__Directions__.
An exact repetition of the data is required; no picture should appear in it.

__Material for this task__.
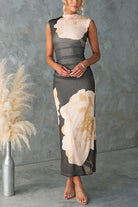 Mockneck Sleeveless Floral Print Bodycon Maxi Dress
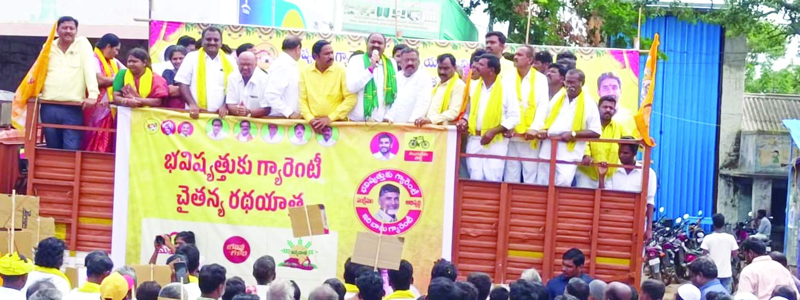 మాజీ ముఖ్యమంత్రి చంద్రబాబు నాయుడుతోనే రాష్ట్రానికి భవిష్యత్తు అని కేంద్ర మాజీ మంత్రి, టిడిపి జాతీయ ఉపాధ్యక్షులు కోట్ల జయసూర్య ప్రకాష్ రెడ్డి తెలిపారు. శుక్రవారం మండలంలోని తారాపురం గ్రామంలో టిడిపి ఇన్ఛార్జీ పాలకుర్తి తిక్కారెడ్డి ఆధ్వర్యంలో, టిడిపి జిల్లా అధ్యక్షులు బిటి.నాయుడు అధ్యక్షతన 'భవిష్యత్తుకు గ్యారెంటీ' బస్సు యాత్ర నిర్వహించారు. ఈ బస్సు యాత్ర తారాపురం గ్రామం నుంచి ప్రారంభమై రంగాపురం, చిన్నకడబూరు, పెద్దకడబూరు గ్రామంలో సాగింది. ఈ సందర్భంగా కోట్ల మాట్లాడారు. జగన్ పాలన అవినీతిమయంగా మారిపోయిందని మండిపడ్డారు. తన తండ్రి కోట్ల విజయభాస్కర్ రెడ్డి రెండుసార్లు ముఖ్యమంత్రిగా రాష్ట్రాన్ని పాలించినా ఏనాడూ అవినీతి, అక్రమాలకు పాల్పడలేదని, నిజాయితీగా పరిపాలించామని గుర్తు చేశారు. టిడిపి కార్యకర్తలపై పోలీసుల చేత తప్పుడు కేసులు బనాయించి భయభ్రాంతులకు గురి చేస్తున్నారని విమర్శించారు. వచ్చే ఎన్నికల్లో జగన్ సర్కారుపై తిరుగుబాటు తప్పదని హెచ్చరించారు. టిడిపి మహానాడు వేదికగా టిడిపి అధినేత చంద్రబాబు ప్రకటించిన మహిళలకు 'మహాశక్తి', యువగళం, అన్న ధాత, ఇంటింటికి నీరు, బీసీలకు రక్షణ చట్టం, పూర్ టు రిచ్ ఆరు అంశాల మినీ మేనిఫెస్టోను ప్రజల్లోకి తీసుకెళ్లాల్సిన బాధ్యత మనందరిపై ఉందన్నారు. జిల్లాలో పెండింగ్ ప్రాజెక్టుల పనులను ప్రారంభించేలా ముఖ్యమంత్రి జగన్పై ఒత్తిడి తెచ్చే దమ్ము, ధైర్యం జిల్లా మంత్రులకు, ఎమ్మెల్యేలకు ఎక్కడిదని ప్రశ్నించారు. టిడిపి అధికారంలోకి వచ్చిన వెంటనే పెండింగ్లో ఉన్న సాగునీటి ప్రాజెక్టులను పూర్తి చేసి జిల్లా రైతులకు అంకితం చేసి మాట నిలబెట్టుకుంటామని భరోసా ఇచ్చారు. రాష్ట్రంలో ఎన్నికలు ఎప్పుడొచ్చినా టిడిపి జెండా ఎగురవేయడం ఖాయమన్నారు. టిడిపి రాష్ట్ర కార్యదర్శి సోమిశెట్టి వెంకటేశ్వర్లు, టిడిపి జిల్లా అధ్యక్షులు బిటి.నాయుడు, ఆదోని ఇన్ఛార్జీ మీనాక్షి నాయుడు, పత్తికొండ ఇన్ఛార్జీ కెఇ.శ్యాంబాబు, కోడుమూరు ఇన్ఛార్జీ ఆకెపోగు ప్రభాకర్, జిల్లా మహిళా అధ్యక్షులు కవిత, ఫుడ్ కమిటీ మాజీ ఛైర్మన్ గుడిసె కృష్ణమ్మ, టిడిపి రాష్ట్ర కార్యదర్శి పాలకుర్తి శ్రీనివాస్ రెడ్డి, తెలుగు రైతు రాష్ట్ర ప్రతినిధి నరవ రమాకాంత్ రెడ్డి, తెలుగు యువత జిల్లా ప్రధాన కార్యదర్శి పాలకుర్తి దివాకర్ రెడ్డి, పెద్దకడబూరు మాజీ ఎంపిపి నరవ శశిరేఖ, టిడిపి మండల అధ్యక్షులు బసలదొడ్డి ఈరన్న, మంత్రాలయం మండల అధ్యక్షులు పన్నగ వెంకటేష్ స్వామి పాల్గొన్నారు.
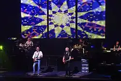 Moraz was not replaced in the band's official lineup.[12] Starting with the 1991 tour, Boshell took over as lead keyboardist, Paul Bliss was brought in as backup, and Susan Shattock and June Boyce took over on backing vocals.[13] In 1993, Tracy Graham replaced Boyce.[9] The group's touring lineup remained constant until April 2001, which marked the final appearances of Boshell and Graham. The pair were replaced by keyboardist and backing vocalist Bernie Barlow.[9] In December 2002, Ray Thomas announced that he would be retiring from performing, reducing the band's official lineup to the trio of Hayward, Lodge and Edge.[14]
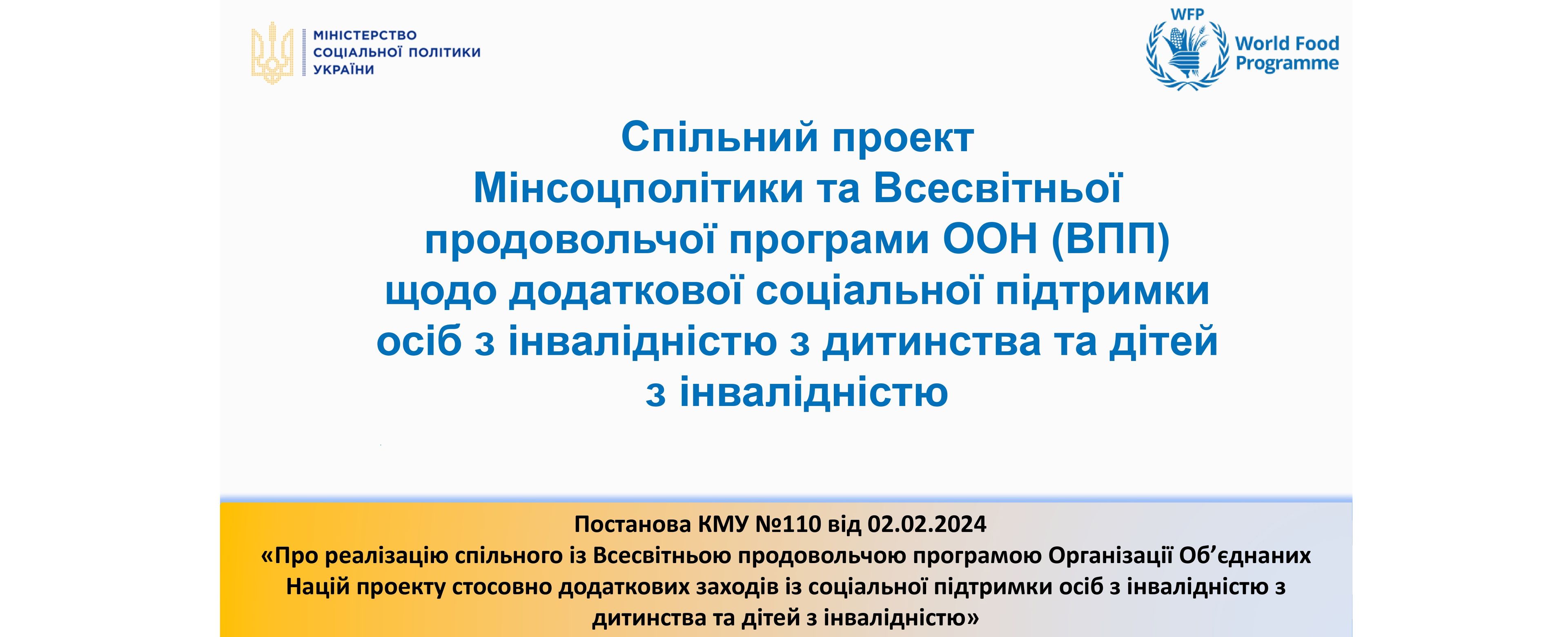 До уваги мешканців громади спільний проєкт Мінсоцполітики та Всесвітньої продовольчої програми ООН (ВПП) щодо додаткової соціальної підтримки осіб з інвалідністю з дитинства та дітей з інвалідністю
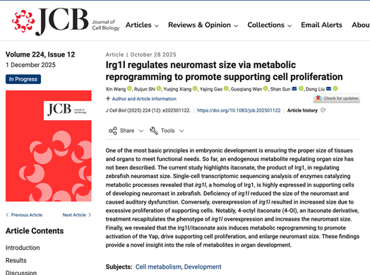 近日,南通大学王新博士在国际权威期刊《Journal of Cell Biology》(JCB)发表最新研究成果,论文题为“Irg1l regulates neuromast size via metabolic reprogramming to promote supporting cell proliferation”。研究发现,代谢酶 Irg1l 及其产物 Itaconate(衣康酸)能通过调控代谢重编程促进支持细胞增殖,从而决定感觉器官大小,首次揭示了代谢信号参与器官发育调控的新机制。
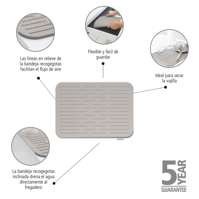 Narejena iz mehkega, nedrsečega silikona – primerna za posodo, skodelice in celo krhko steklovino. Voda iz posod teče neposredno v umivalnik – vaša delovna plošča ostane suha.Prednosti in lastnosti Idealno za vsa mala opravila pri pomivanju posode. Izdelana iz trpežnega silikona – enostavna za čiščenje in enostavno pranje v pomivalnem stroju varna. 5-letna garancija in servis.
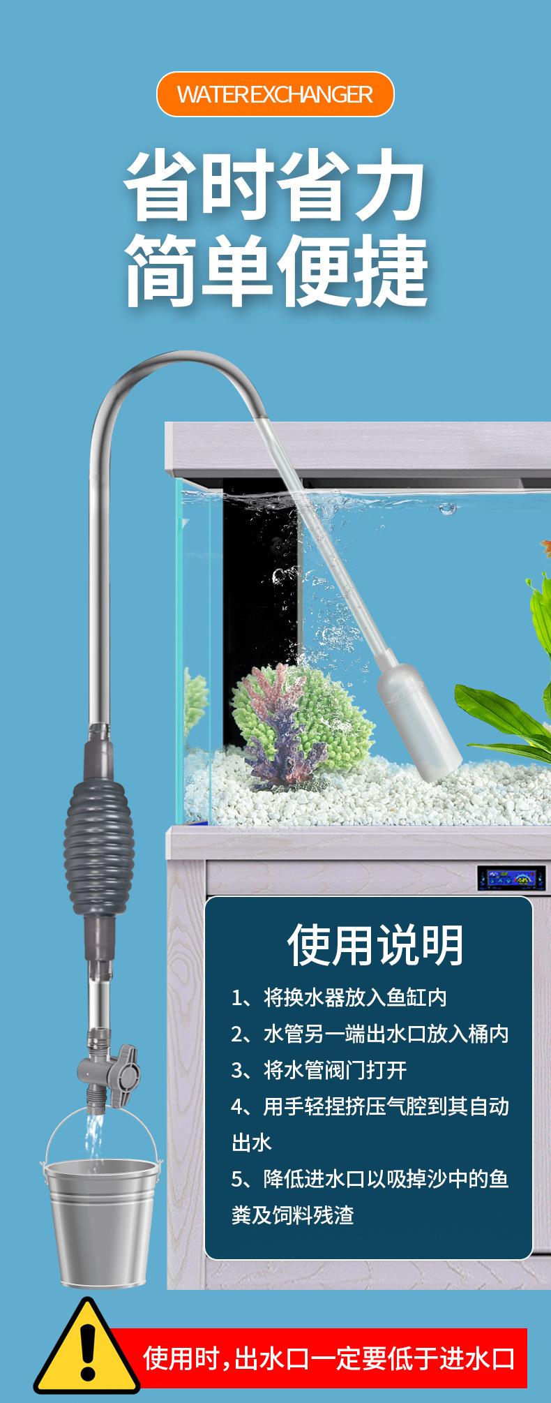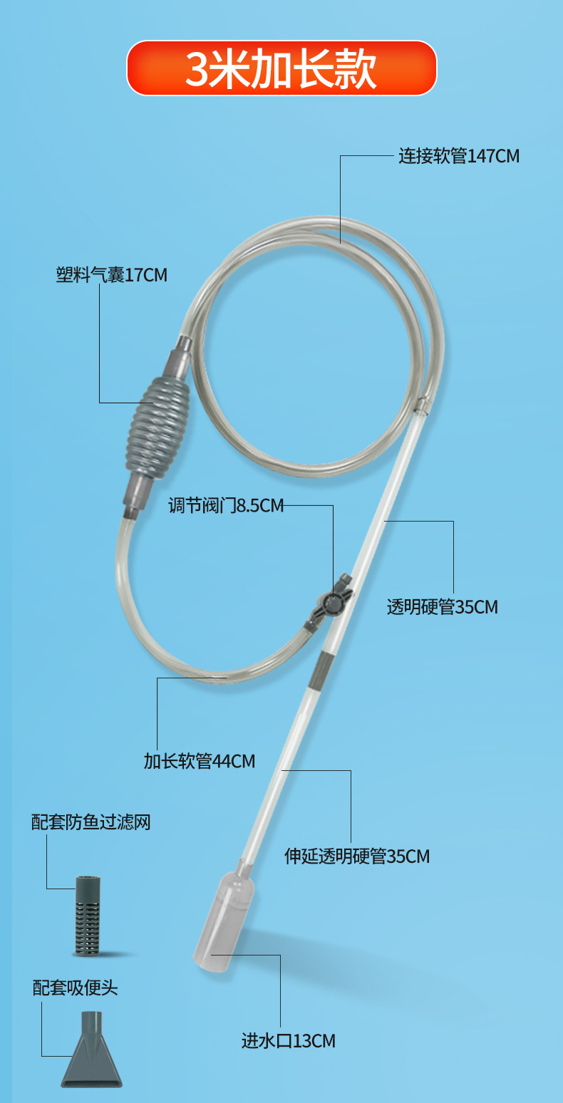 물고기 탱크 물 교환기 모래 세탁기 흡입관 물 흡수기 수동 변기 청소 모래 배설물 흡입 작은스토어 가기
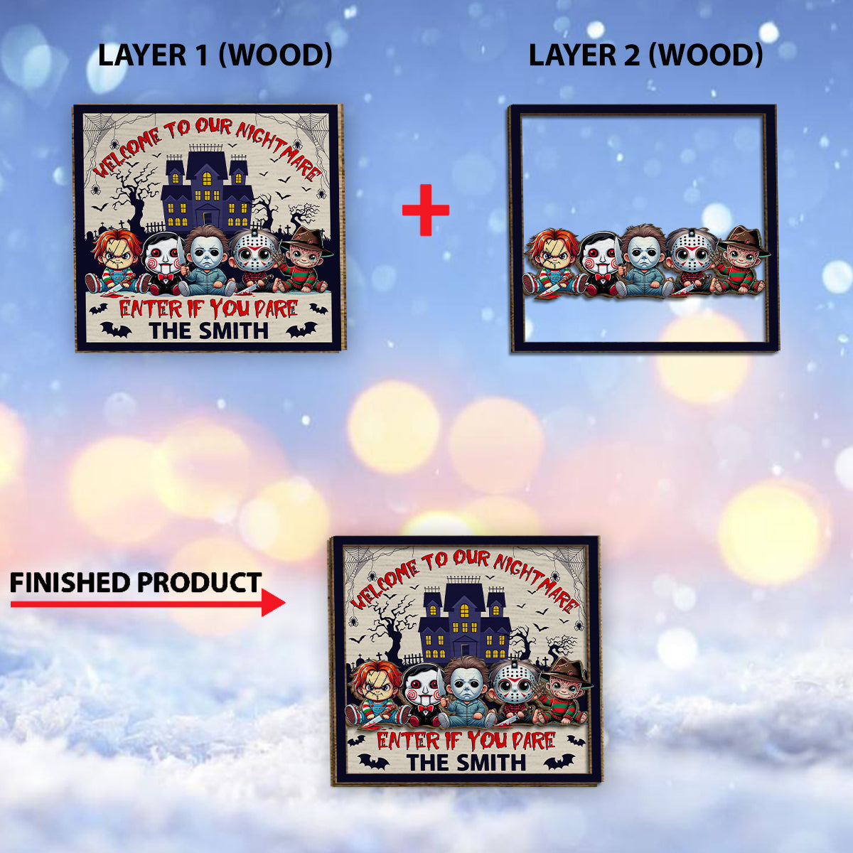 Welcome To Our Nightmare Enter If You Dare - Personalized 2 Layered Wood Sign / Wood Plaque

__Exercise output__.
 Mockneck Sleeveless Floral Print Bodycon Maxi Dress
 మాజీ ముఖ్యమంత్రి చంద్రబాబు నాయుడుతోనే రాష్ట్రానికి భవిష్యత్తు అని కేంద్ర మాజీ మంత్రి, టిడిపి జాతీయ ఉపాధ్యక్షులు కోట్ల జయసూర్య ప్రకాష్ రెడ్డి తెలిపారు. శుక్రవారం మండలంలోని తారాపురం గ్రామంలో టిడిపి ఇన్ఛార్జీ పాలకుర్తి తిక్కారెడ్డి ఆధ్వర్యంలో, టిడిపి జిల్లా అధ్యక్షులు బిటి.నాయుడు అధ్యక్షతన 'భవిష్యత్తుకు గ్యారెంటీ' బస్సు యాత్ర నిర్వహించారు. ఈ బస్సు యాత్ర తారాపురం గ్రామం నుంచి ప్రారంభమై రంగాపురం, చిన్నకడబూరు, పెద్దకడబూరు గ్రామంలో సాగింది. ఈ సందర్భంగా కోట్ల మాట్లాడారు. జగన్ పాలన అవినీతిమయంగా మారిపోయిందని మండిపడ్డారు. తన తండ్రి కోట్ల విజయభాస్కర్ రెడ్డి రెండుసార్లు ముఖ్యమంత్రిగా రాష్ట్రాన్ని పాలించినా ఏనాడూ అవినీతి, అక్రమాలకు పాల్పడలేదని, నిజాయితీగా పరిపాలించామని గుర్తు చేశారు. టిడిపి కార్యకర్తలపై పోలీసుల చేత తప్పుడు కేసులు బనాయించి భయభ్రాంతులకు గురి చేస్తున్నారని విమర్శించారు. వచ్చే ఎన్నికల్లో జగన్ సర్కారుపై తిరుగుబాటు తప్పదని హెచ్చరించారు. టిడిపి మహానాడు వేదికగా టిడిపి అధినేత చంద్రబాబు ప్రకటించిన మహిళలకు 'మహాశక్తి', యువగళం, అన్న ధాత, ఇంటింటికి నీరు, బీసీలకు రక్షణ చట్టం, పూర్ టు రిచ్ ఆరు అంశాల మినీ మేనిఫెస్టోను ప్రజల్లోకి తీసుకెళ్లాల్సిన బాధ్యత మనందరిపై ఉందన్నారు. జిల్లాలో పెండింగ్ ప్రాజెక్టుల పనులను ప్రారంభించేలా ముఖ్యమంత్రి జగన్పై ఒత్తిడి తెచ్చే దమ్ము, ధైర్యం జిల్లా మంత్రులకు, ఎమ్మెల్యేలకు ఎక్కడిదని ప్రశ్నించారు. టిడిపి అధికారంలోకి వచ్చిన వెంటనే పెండింగ్లో ఉన్న సాగునీటి ప్రాజెక్టులను పూర్తి చేసి జిల్లా రైతులకు అంకితం చేసి మాట నిలబెట్టుకుంటామని భరోసా ఇచ్చారు. రాష్ట్రంలో ఎన్నికలు ఎప్పుడొచ్చినా టిడిపి జెండా ఎగురవేయడం ఖాయమన్నారు. టిడిపి రాష్ట్ర కార్యదర్శి సోమిశెట్టి వెంకటేశ్వర్లు, టిడిపి జిల్లా అధ్యక్షులు బిటి.నాయుడు, ఆదోని ఇన్ఛార్జీ మీనాక్షి నాయుడు, పత్తికొండ ఇన్ఛార్జీ కెఇ.శ్యాంబాబు, కోడుమూరు ఇన్ఛార్జీ ఆకెపోగు ప్రభాకర్, జిల్లా మహిళా అధ్యక్షులు కవిత, ఫుడ్ కమిటీ మాజీ ఛైర్మన్ గుడిసె కృష్ణమ్మ, టిడిపి రాష్ట్ర కార్యదర్శి పాలకుర్తి శ్రీనివాస్ రెడ్డి, తెలుగు రైతు రాష్ట్ర ప్రతినిధి నరవ రమాకాంత్ రెడ్డి, తెలుగు యువత జిల్లా ప్రధాన కార్యదర్శి పాలకుర్తి దివాకర్ రెడ్డి, పెద్దకడబూరు మాజీ ఎంపిపి నరవ శశిరేఖ, టిడిపి మండల అధ్యక్షులు బసలదొడ్డి ఈరన్న, మంత్రాలయం మండల అధ్యక్షులు పన్నగ వెంకటేష్ స్వామి పాల్గొన్నారు.
 Moraz was not replaced in the band's official lineup.[12] Starting with the 1991 tour, Boshell took over as lead keyboardist, Paul Bliss was brought in as backup, and Susan Shattock and June Boyce took over on backing vocals.[13] In 1993, Tracy Graham replaced Boyce.[9] The group's touring lineup remained constant until April 2001, which marked the final appearances of Boshell and Graham. The pair were replaced by keyboardist and backing vocalist Bernie Barlow.[9] In December 2002, Ray Thomas announced that he would be retiring from performing, reducing the band's official lineup to the trio of Hayward, Lodge and Edge.[14]
 До уваги мешканців громади спільний проєкт Мінсоцполітики та Всесвітньої продовольчої програми ООН (ВПП) щодо додаткової соціальної підтримки осіб з інвалідністю з дитинства та дітей з інвалідністю
 近日,南通大学王新博士在国际权威期刊《Journal of Cell Biology》(JCB)发表最新研究成果,论文题为“Irg1l regulates neuromast size via metabolic reprogramming to promote supporting cell proliferation”。研究发现,代谢酶 Irg1l 及其产物 Itaconate(衣康酸)能通过调控代谢重编程促进支持细胞增殖,从而决定感觉器官大小,首次揭示了代谢信号参与器官发育调控的新机制。
 Narejena iz mehkega, nedrsečega silikona – primerna za posodo, skodelice in celo krhko steklovino. Voda iz posod teče neposredno v umivalnik – vaša delovna plošča ostane suha.Prednosti in lastnosti Idealno za vsa mala opravila pri pomivanju posode. Izdelana iz trpežnega silikona – enostavna za čiščenje in enostavno pranje v pomivalnem stroju varna. 5-letna garancija in servis.
 물고기 탱크 물 교환기 모래 세탁기 흡입관 물 흡수기 수동 변기 청소 모래 배설물 흡입 작은스토어 가기
 Welcome To Our Nightmare Enter If You Dare - Personalized 2 Layered Wood Sign / Wood Plaque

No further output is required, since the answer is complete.